*DATA EXTRACT*:
· · · · ·
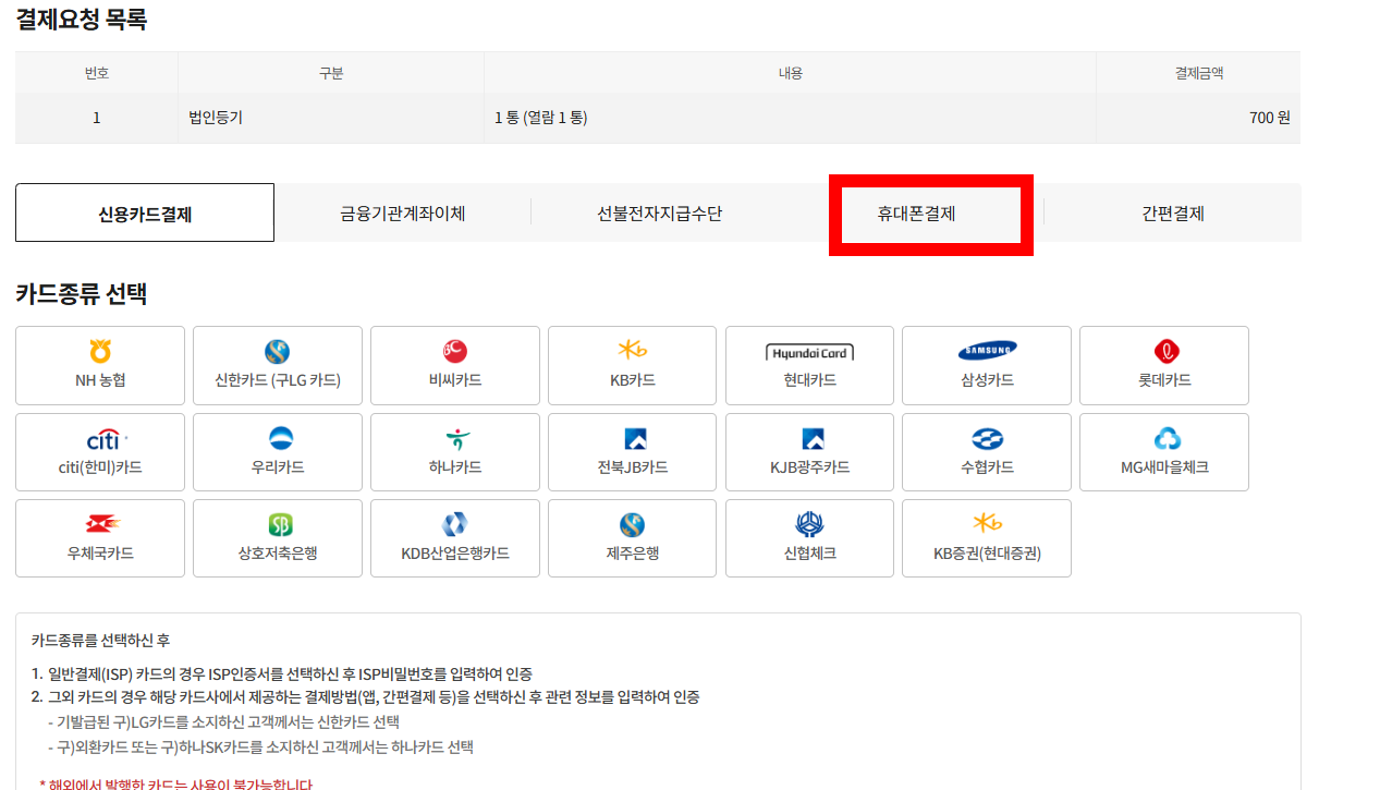휴대폰 결제가 가장 간편하고 빨리 진행된다
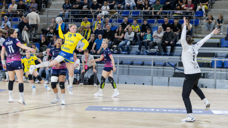 1,K Metz Handball a logiquement dominé Sambre Avesnois, ce mercredi 7 mai aux Arènes. Une victoire qui permet aux Dragonnes d’aborder le déplacement à Brest dans les meilleures dispositions. Metz Handball poursuit son sans-faute avant de se déplacer à Brest, dimanche 11 mai, dans ce qui ressemblera à une finale pour aller chercher le titre en Ligue Butagaz Energie. Le collectif jaune et bleu a continué sa marche impériale au sommet du championnat en venant à bout du promu Sambre Avesnois, auteur d’une saison plutôt honorable pour sa grande première dans l’élite du handball féminin. Les absences de Sarah Bouktit – parfaitement supplée dans le rôle de capitaine par Lucie Granier -, des futures mamans Chloé Valentini et Laura Flippes ou encore les mises au repos de Camille Depuiset, Djazz Chambertin et Petra Vámos n’auront pas impacté un groupe sûr de sa force, qui avait sans doute en tête la vilaine entame lors de la réception de Mérignac une semaine plus tôt. Les Dragonnes en maîtrise Malgré quelques échecs de Zaliata Mlamali en début de match, le Metz Handball prenait rapidement la mesure de son adversaire (8-4, 10′) et déployait son jeu rapide sur grand espace, avec une connexion Darleux – Granier toujours aussi redoutable (14-6, 15′). Une domination sans partage qui permettait à Emmanuel Mayonnade d’offrir ses premières minutes en Ligue Butagaz Energie à Claire Koestner, jeune demi-centre tout juste passée professionnelle qui sera prêtée à Saint-Amand pour les deux prochaines saisons, une semaine après les grands débuts d’une autre protégée de Nina Kanto, Yvana Atangana. Le moment également choisi par Nadine Szöllősi-Schatzl pour montrer qu’elle aimait elle aussi le jeu rapide de Metz Handball (17-10, 26′). De son côté, Anne-Emmanuelle Augustine profitait parfaitement de l’opportunité d’un gros temps de jeu pour être impactante au poste de pivot, avec cinq de ses huit buts en première mi-temps (19-13, 30′).Trente minutes inaugurales qui ont laissé place à une seconde période tout aussi souveraine, où Zsófi Szemerey a pris un peu de confiance au relai de Cléopâtre Darleux (23-15, 35′). Une confiance bienvenue aussi pour Emma Jacques, qui aura son mot à dire à droite sur cette fin de saison. Maladroite en première période, sa compère à gauche, Tyra Axnér, a également fait parler son bras de loin (28-21, 43′). A l’aile droite, Manon Errard, autre pépite issue du centre de formation messin, s’est elle aussi fait plaisir dans un second acte maîtrisé (31-23, 47′). L’écart définitif sera finalement de onze buts, loin d’être infamant pour une valeureuse équipe nordiste, jamais larguée au score. Insuffisant toutefois pour empêcher Metz Handball de signer un 21e succès en autant de matchs de championnat de France. Metz Handball 38-27 Sambre Avesnois Metz HandballDarleux (7 arrêts/20 tirs), Szemerey (6/20)Hansen (2 buts/3 tirs), Axnér (2/9), Atangana (0/1), Augustine (8/9), Koestner (0/1), Mlamali (2/7), Jacques (6/7), Granier (5/6), Grandveau (5/5), Szöllősi-Schatzl (4/4), Errard (4/5), Pineau Sambre AvesnoisIlic (4 arrêts/23 tirs), Toubissa Elbeco (4/23)Abdourahim (2 buts/4 tirs), Rutil (2/6), Adon (3/6), Kvasova (6/8), Touringny (1/2), Chalmandrier (1/4), Ballureau (6/11), Godet (1/1), Kipirijanovska (2/5), Sias (3/4), Diarrassouba Crédit photo : Matthieu Henkinet / Let’s Go Metz
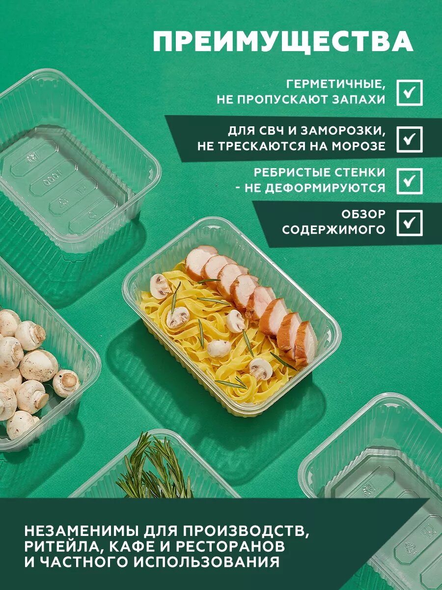 Контейнеры одноразовые пластиковые прозрачные с крышкой 1000 мл. 50 шт. для хранения продуктов заморозки
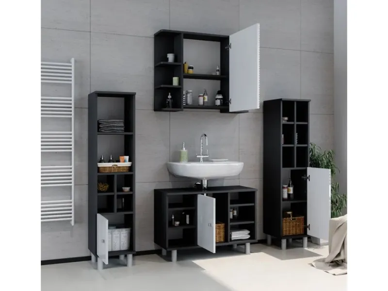 Der Badschrank besteht aus pflegeleichter Spanplatte 16 mm, mit einer Melaminharzbeschichtung
· · · · ·
*WHAT TO DO*:
Here the lines from the one containing "Контейнеры одноразовые пластиковые" through the end of the material are to be copied exactly, with the pictures omitted.

*SOLVED EXERCISE*:
 Контейнеры одноразовые пластиковые прозрачные с крышкой 1000 мл. 50 шт. для хранения продуктов заморозки
 Der Badschrank besteht aus pflegeleichter Spanplatte 16 mm, mit einer Melaminharzbeschichtung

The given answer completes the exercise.